# COLLECTED MATERIAL
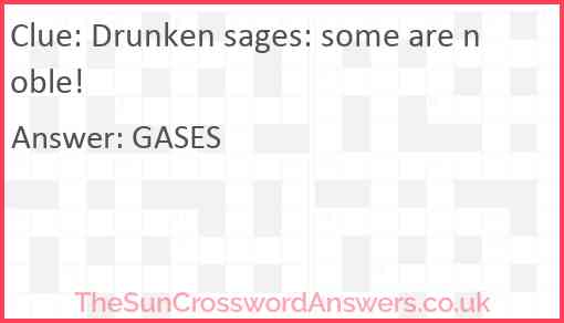 Drunken sages: some are noble! is a crossword clue for which we have 1 possible answer and we have spotted 2 times in our database. This crossword clue was last seen on 28 March 2023 in The Sun Cryptic Crossword puzzle!
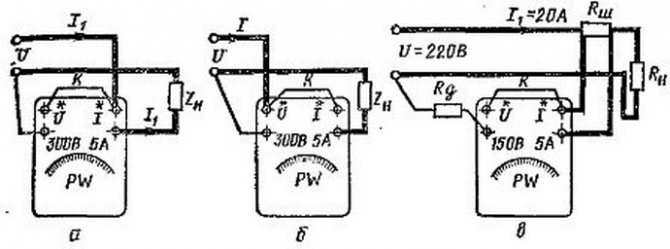 От правильности подключения ваттметра в конкретной части электроцепи зависит точность полученной информации. Надлежащая схема подключения ваттметра будет выглядеть таким образом: неподвижную катушку ваттметра последовательно соединяют с нагрузкой либо потребителями электричества.
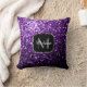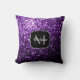 Dark Purple faux shiny glitter sparkles Monogram Throw Pillow
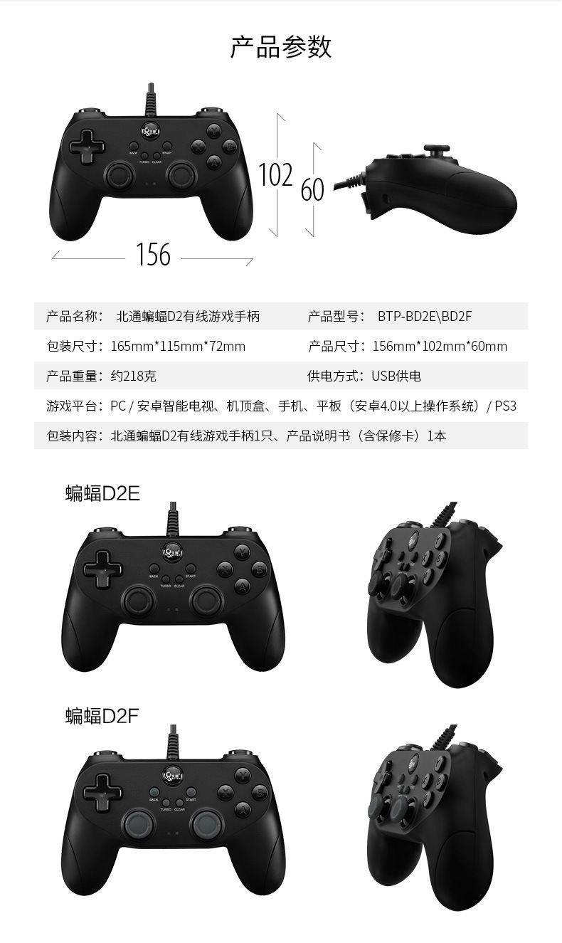 北通蝙蝠有线pc电脑ps3智能电视双人steam游戏手柄NBA2k18

# TASK INSTRUCTIONS
Make an exact copy of the listing above. Do not include the pictures.

# RESPONSE BOX
 Drunken sages: some are noble! is a crossword clue for which we have 1 possible answer and we have spotted 2 times in our database. This crossword clue was last seen on 28 March 2023 in The Sun Cryptic Crossword puzzle!
 От правильности подключения ваттметра в конкретной части электроцепи зависит точность полученной информации. Надлежащая схема подключения ваттметра будет выглядеть таким образом: неподвижную катушку ваттметра последовательно соединяют с нагрузкой либо потребителями электричества.
 Dark Purple faux shiny glitter sparkles Monogram Throw Pillow
 北通蝙蝠有线pc电脑ps3智能电视双人steam游戏手柄NBA2k18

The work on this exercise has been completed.